Gangguan internal terutama timbul dari interaksi antara transformator daya dan komponen elektronik internal; gangguan kebisingan tidak boleh diabaikan. Modernpengukuran tingkat radartelah secara efektif meningkatkan kemampuan anti-interferensi melalui penerapan teknologi gelombang mikro frekuensi tinggi.
Interferensi DC terjadi pada rangkaian pengukuran, kemungkinan disebabkan oleh tambahan potensial termoelektrik, potensial kimia, atau kontak dengan sumber daya DC, yang semuanya dapat mengganggu pengoperasian normal alat.pengukuran tingkat radar.

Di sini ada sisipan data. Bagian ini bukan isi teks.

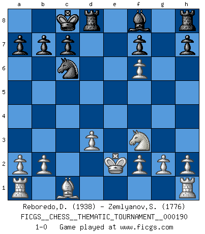 Last move : 1-0 2015 June 17 13:28:7 [Event "FICGS__CHESS__THEMATIC_TOURNAMENT__000190"] [Site "FICGS"] [Date "2015.04.02"] [Round "1"] [White "Reboredo,Daniel"] [Black "Zemlyanov,Sergey"] [Result "1-0"] [WhiteElo "1938"] [BlackElo "1776"] 1.e4 e6 2.d4 d5 3.Nc3 dxe4 4.Nxe4 e5 5.Nf3 Nf6 6.Nxf6+ gxf6 7.dxe5 Qxd1+ 8.Kxd1 Nc6 9.exf6 Bf5 10.Bd3 O-O-O 11.Ke2 Bxd3+ 12.cxd3 1-0 French : Rubinstein variation Queenside Castling by player Black (move 10) Player White won this chess game. Follow this game move after move (download)The most important feature of the Chess position is the activity of the pieces. This is absolutely fundamental in all phases of the game: Opening, Middlegame and especially Endgame. The primary constraint on a piece's activity is the Pawn structure. (Michael Stean) Ein Isolani verdüstert die Stimmung auf dem ganzen Schachbrett. (Savielly Grigorievitsch Tartakower) Sin errores no puede haber brillantez. (Emanuel Lasker) Le temps de noter son nom sur la feuille de partie, j'étais déjà en zeitnot ! D'un modeste amateur apparié lors de la première ronde d'un open contre le grand-maître Azmaïparashvili. Mandala - that's it! 16x16 squares as multiple of the four and the eight because of the Four Noble Truths and the Noble Eightfold Path. (Heinz-Georg Lehnhoff about Big Chess)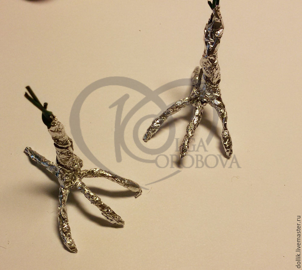 Далее берем фольгу, нарываем на небольшие отрезки, слегка сминаем ее и аккуратно накручиваем на ножки, одновременно обвивая пальчики лапки. Не надо растягивать фольгу — она порвется, просто накидывайте ее на детали и приминайте, продвигаясь вперед. На концах пальчиков рекомендую сделать небольшую подушечку, чтобы спрятать острые концы проволоки.

Interferensi AC dapat dikategorikan menjadi interferensi saluran ke saluran dan interferensi tanah, terutama timbul dari induksi elektromagnetik, kebocoran suhu tinggi, dan arus tanah.
Memahami sumber interferensi ini dan mengambil tindakan anti-interferensi yang tepat selama pemasangan dan penggunaan pengukur level radar akan memastikan kinerja optimalnya.